A atenção do profissional de Educação Física pelo trabalho com pessoas com necessidades especiais é relativamente nova, há tempos esses alunos eram liberados das aulas, eram encaminhados à biblioteca da escola, ou algo parecido, faziam pesquisas, ou até mesmo não faziam nada... A atividade física pode significar melhores condições de vida e maior inserção social. Para que se possa chegar a essa situação, é necessário que haja espaços físicos sem barreiras arquitetônicas, conhecimento das técnicas de orientação, da língua dos surdos e, principalmente, respeito à individualidade presente entre as pessoas (Diehl, 2006).
Refletindo sobre a formação do profissional em Educação Física, que culturalmente vem privilegiando o desenvolvimento de capacidades e habilidades físicas, pode-se dizer que o papel do professor dessa área é acompanhar a evolução com uma postura ética e responsável diante das diversidades e suas necessidades.
O autor ainda aborda que incluir a educação das crianças dentro da discussão educativa global não significa, apenas, incluí-las fisicamente nas escolas comuns, mas hierarquizar os objetivos filosóficos, ideológicos e pedagógicos da Educação Especial.
Podem-se incluir nesse conceito, as crianças com atraso na escolarização, com dificuldades escolares não permanentes, com um “simples” atraso ou disfunção na fala, com menor possibilidade de atenção concentrada nas atividades escolares, com dificuldades de relacionamento com os colegas, bem como aquelas que não participam das atividades e as que apresentam condutas agressivas (Macedo apud Rosseto 2005).
Nesse sentido, é necessário rever os paradigmas que sustentam a prática do educador físico, pois uma prática centrada na avaliação de resultados, na performance, dificilmente possibilitará a participação de todos. É necessário que o educador físico investigue e conheça as necessidades psicomotoras, afetivas, de aprendizagem e motoras de cada criança de sua sala para que possa planejar sua prática de maneira inclusiva.
De acordo com Rosseto (2005), em relação às dificuldades de aprendizagem, existem dois tipos de situações que se estabelecem no encontro professor-aluno: a primeira, quando os professores com muita eficiência e tranquilidade, aprendem com as dificuldades que o aluno traz e aprimoram seu processo de ensino, com o que o aluno minimiza sua situação de incapacidade para a aprendizagem; a segunda, quando de forma improvisada, o professor enfrenta de forma “dolorida”, com muita queixa e imobilismo as dificuldades que esse educando traz para a sala de aula.

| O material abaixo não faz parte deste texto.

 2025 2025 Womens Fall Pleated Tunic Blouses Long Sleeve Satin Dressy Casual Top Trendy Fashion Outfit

a educação especial, não só recebe alunos com necessidades especiais mas também os atende nas suas especificidades, com recursos, com serviços e com currículos apropriados para garantir a sua aprendizagem. É de responsabilidade, pois, da educação especial organizar-se e adaptar-se para trabalhar com a diversidade, com a diferença, por isso mesmo optando por práticas pedagógicas distintas das convencionais.

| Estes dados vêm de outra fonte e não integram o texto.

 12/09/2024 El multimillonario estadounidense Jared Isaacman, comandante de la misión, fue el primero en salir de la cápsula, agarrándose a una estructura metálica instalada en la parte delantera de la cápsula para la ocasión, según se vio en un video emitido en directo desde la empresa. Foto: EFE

O aprendizado de habilidades cognitivas ou motoras se resume na afirmação de que os fundamentos de qualquer assunto podem ser ensinados a qualquer indivíduo, em qualquer idade, de alguma forma. Em outras palavras, o reconhecimento de estar “apto” é responsabilidade tanto do educador quanto do aluno.
Cada pessoa é um indivíduo peculiar com sua própria escala de tempo para o desenvolvimento. Essa escala de tempo é a combinação da hereditariedade do indivíduo e das influências ambientais. Embora a sequência do aparecimento de características desenvolvimentista seja previsível, o índice de aparecimento pode ser bastante variável. Portanto, a adesão rígida à classificação cronológica de desenvolvimento por idade não tem apoio ou justificativa.
A Educação Física pretende atender às reais necessidades da criança, precisa ter como ponto de partida a compreensão das mudanças no seu comportamento motor, com o objetivo de identificar tais necessidades.
As aulas de Educação Física, sob a perspectiva da necessidade pedagógica, requerem que sejam organizadas e desenvolvidas de tal maneira que não haja exclusões nem generalizações.
Segundo Diehl (2006), o sucesso da aprendizagem está em explorar talentos, atualizar possibilidades, desenvolver predisposições naturais de cada aluno. As dificuldades, deficiências e limitações precisam ser reconhecidas, mas não devem conduzir ou restringir o processo de ensino. Para ensinar toda a turma, o professor não utiliza o falar, o copiar, e o ditar como recursos didáticos básicos. Ele partilha com seus alunos a construção/autoria dos conhecimentos produzidos em uma aula, restringindo o uso do ensino expositivo
A Educação Física escolar pode estimular a cooperação como forma de aproximar as diferenças, antes reforçando a auto-estima de quem se sente diferente, e fazendo com que, ao final, todos estejam jogando e vivendo em comum-unidade. A cooperação está vinculada à comunicação, à confiança e ao desenvolvimento de habilidades positivas de interação social .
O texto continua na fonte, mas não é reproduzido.